In addition, the Campbells' stated concern for protecting an innocent man would have
had more force if they had not waited until after Webster's conviction to come forward.
Burroughs died in early June and Webster's trial did not begin until August. They had ample
time to present the authorities with their story before Webster's conviction. Their failure to
do so supports the implication that their story was concocted after Burroughs' death and
undermines their credibility. Finally, Lorenzo initially testified that about a week after the
shooting he told his brother, David Campbell, that Burroughs had been the shooter. He
immediately recanted this, however, stating that he never specifically told David that
Burroughs had been the shooter. David had testified at trial as an alibi witness for Webster
and said nothing about Burroughs' involvement. The trial court could have concluded that
Lorenzo's sudden turnabout occurred because Lorenzo remembered that David had testified.
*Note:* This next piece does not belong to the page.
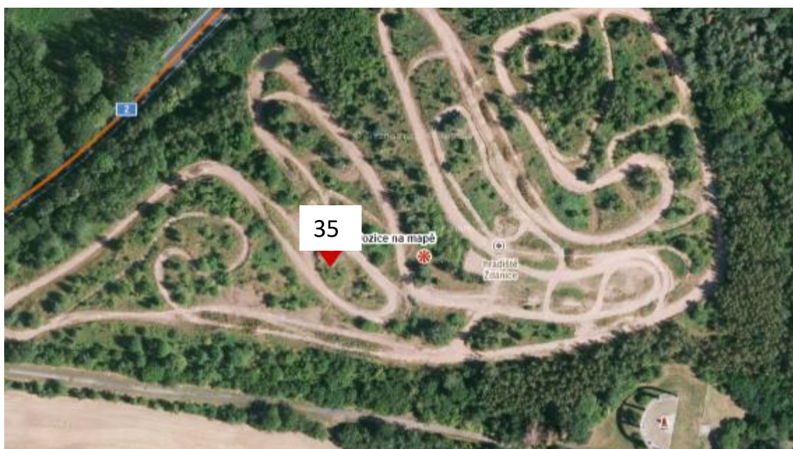
Bod 35 mezi obcemi Žďánice a Oleška

In sum, the record supports a determination by the trial court that the newly discovered
evidence was not worthy of credit. Accordingly, the trial court was within its discretion in
denying the motion to correct error.
Conclusion
We affirm the trial court.
SHEPARD, C.J., and DICKSON, SULLIVAN and SELBY, JJ., concur.
Footnote: 1
1 A person convicted of carrying a handgun without a license under Indiana Code § 35-47-2-1
commits a class A misdemeanor. However, if the person has been convicted of a felony within fifteen years
before the date of this offense, the offense is a Class C felony. Ind. Code § 35-47-2-23 (1998).
Footnote: 2
2 Webster submitted two reply affidavits a month after filing the motion to correct error. However,
we do not consider these affidavits because [n]o reply affidavits . . . from the party first moving to correct
errors are contemplated in a motion to correct error based on evidence outside the record. T. R. 59(H)(4).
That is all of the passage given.